If levels of risk factors keep falling, what does the future hold?

The answer for the UK seems to be continued large reductions in CHD death rates [4]. Using Scottish data extrapolated to the UK, and extrapolating a continuation of current trends to 2010 for those under 75, it calculates 24,000 fewer deaths in 2010 from reductions in smoking prevalence, and blood pressure and cholesterol. That is close to the present UK government target of 28,000 fewer deaths in 2010.

Bigger changes in population risk factors through lifestyle changes could produce bigger benefits. For instance, getting smoking prevalence down to 18%, getting average cholesterol levels down to 5.2 mmol/L, and additional lowering of blood pressure by 3-4 mmHg, could double the number of deaths prevented or postponed. Improved medical treatments and the tomato effect could add to this.


All of which makes one wonder about that miserly £1 per person spent on health promotion. The evidence from the US nurses study is that most people, well over half, do not have a fully healthy lifestyle, despite the fact that nurses can be expected to be educated and informed. We also know that most people with CHD have risk factors.

There is a clearly a job to be done to better inform people about how they can have a better and longer life. The solution, or at least a large part of it, lies in their own hands, but they have to believe in the message. Is nanny state-ism the best way? Who knows? The state does have enormous powers to improve the underlying culture. Anyone visiting New York, or Ireland, where public place smoking bans are in force can testify to impressive change for the better, with a large degree of public consent.

We spend masses on getting evidence about treatment effectiveness, but not much on how to get a healthy-living message across. Bandolier, at any rate, has looked and been disappointed. Our experience is that people respond best when given evidence rather than exhortation.

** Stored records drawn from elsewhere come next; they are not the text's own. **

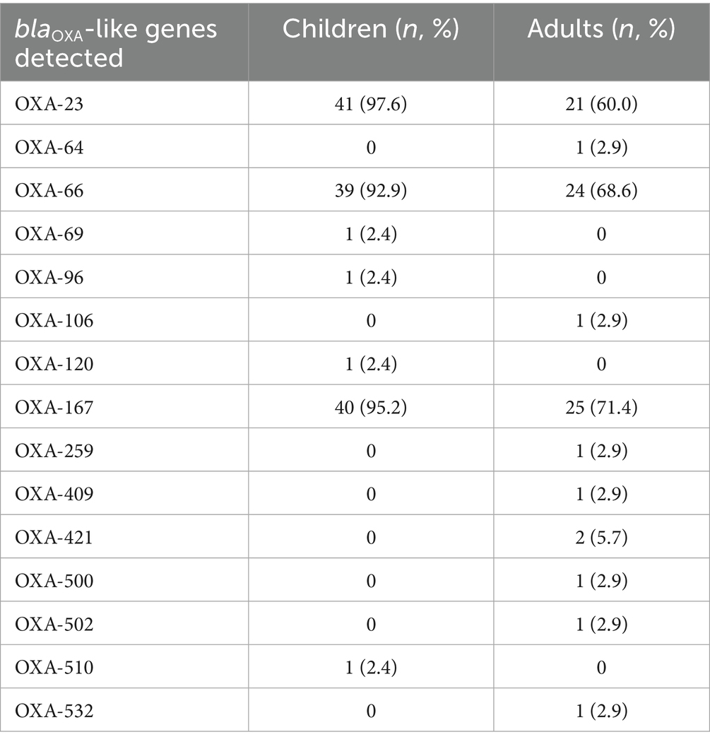 The rapid development of antibiotic resistance and/or multidrug resistance patterns has attracted global attention (Nogbou et al., 2022), with significant differences in the sensitivity to antimicrobial agents and the infection rates in epidemics (Table 1). Our data show that the resistance rate to carbapenem antibiotics is as high as 83.1% for all strains, which is consistent with the results of earlier studies (Nogbou et al., 2021). The resistance rates for adults and children are 65.7 and 97.6%, respectively. Several factors may explain this discrepancy: First, identifying pathogens early in critically ill children is challenging, making them more likely to receive broad-spectrum antibiotics such as carbapenems and broad-spectrum cephalosporins as empirical therapy. Second, children in PICUs—particularly neonates and infants—possess immature immune systems and frequently require antibiotics alongside invasive devices like central venous catheters and ventilators. This environment facilitates bacterial adaptation into low-metabolism persister populations, which exhibit heightened resistance to carbapenems and cephalosporins. Resistance gene clusters are enriched in pediatric isolates. For instance, this study found pediatric patients frequently carried the blaOXA-23 carbapenemase gene (97.6%) and OXA-167 (OXA-23-like, 95.2%). Previous studies have demonstrated that OXA-23-like enzymes are the most prevalent acquired carbapenemases in A. baumannii, conferring high-level resistance to carbapenems (Evans and Amyes, 2014), while OXA-51-like, though intrinsic, can significantly enhance resistance when combined with insertion sequences such as ISAba1 (Chan et al., 2022; Brown et al., 2005). It is worth noting that although the imipenem resistance rate of adult isolates is lower than that of children, adult isolates exhibit a more diverse spectrum of OXA-type carbapenemases compared to pediatric isolates such as OXA-259, OXA-409, OXA-421, OXA-500, OXA-502, and OXA-532. This may stem from heterogeneity in the genetic background of adult-derived A. baumannii clones within AbaR/AbGRI-type resistance islands and transposable elements like ISAba1/Tn2006, which carry different blaOXA genes. This heterogeneity amplifies the diversity of detectable OXA-type carbapenemases within the same healthcare facility (Douraghi et al., 2020). Concurrently, studies indicate that high resistance rates in pediatric ICUs are primarily driven by the expansion of a single clone, such as GC2, carrying blaOXA-23 and enhanced by upstream expression via ISAba1. While this increases overall carbapenem resistance rates, it reduces OXA-type diversity due to clonal homogeneity (Yousefi Nojookambari et al., 2021). In addition, we identified a novel sequence type (ST-) pediatric isolate (C-ab14) harboring NDM-1, OXA-58, and OXA-510 simultaneously, but notably lacking OXA-23. Although previous reports have documented the coexistence of NDM-1 and OXA-58 in individual cases (Rodrigues et al., 2024), the combination of these three carbapenemase genes within a novel ST has not been previously described.
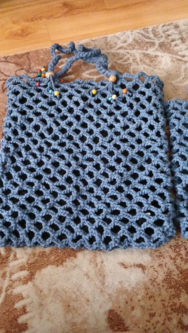 Bohem tarzda, yumuşak ve rahat dokuda gri-mavi örgü kadın çanta. Renkli boncuklu kulpları ve açık örgü deseni ile günlük kullanıma uygundur.
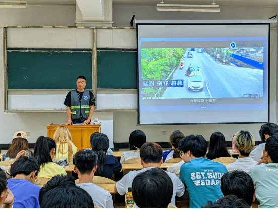 讲座中,孙利明以视频的形式,向同学们展示了交通事故的场景、造成的严重后果,进一步强化了同学们对交通安全重要性的认识。
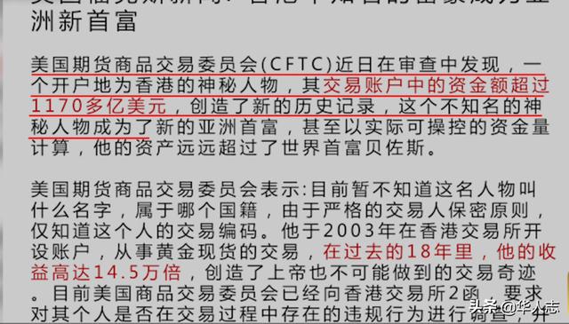 2021年6月17日,有一条消息在华人投资圈疯狂传播,有人在网上发文说,据美国福克斯新闻报道,美国期货商品交易委员会在审查中发现,一个开户地为香港的神秘人物,其交易账户中的资金额超过1170亿美元。这个财富可以排进世界前五,亚洲第一。
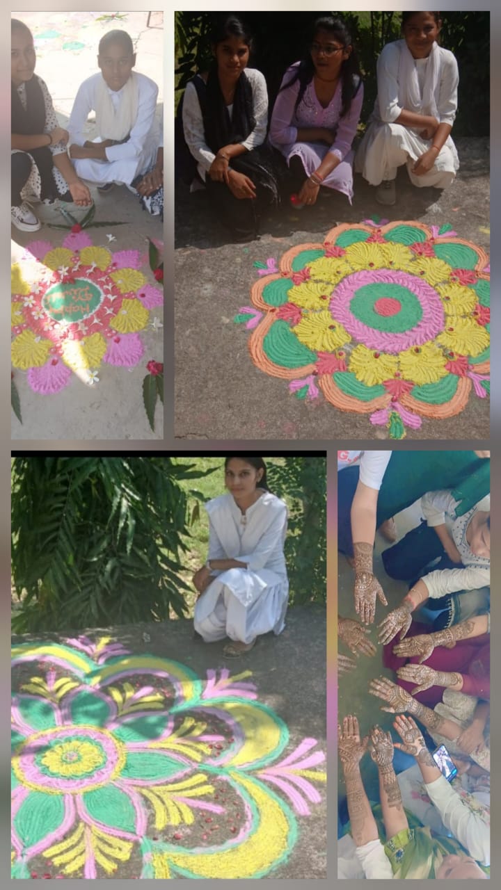 मेहंदी में सोफिया रंगोली में काजल अव्वल जी सी कालेज नंगलाकरन में हुई मेहंदी रंगोली प्रतियोगिता

A famous advertising equation says:

Satisfaction = performance - expectation

It does just what it says on the tin. Which is why governments set modest targets, and then achieve them. All of which sort of prevents us from taking part in affairs that properly concern us. We should press for more and better.

There are legitimate concerns about individual liberty and the rights and concerns of society. These extend to what the public health message is, and who delivers it. What is astonishing is that it is being delivered most publicly by those we are least inclined to believe.

But the bottom line is this: the reduction in conventional risk factors for CHD will also help a whole range of other conditions, and leave us healthier for longer in several ways.


  1. C Phillips, R Tudor Edwards. Economics of health in Wales. Welsh Economic Review 2002 14: 26-30.
  2. K Kuulasmaa et al. Estimation of contribution of changes in classic risk factors to trends in coronary-event rates across the WHO MONICA project populations. Lancet 2000 355: 675-687.
  3. UN Khot et al. Prevalence of conventional risk factors in patients with coronary heart disease. JAMA 2003 290: 898-904.
  4. JA Critchley, S Capewell. Substantial potential for reductions in coronary heart disease mortality in the UK through changes in risk factor levels. Journal of Epidemiology and Community Health 2003 57: 243-247.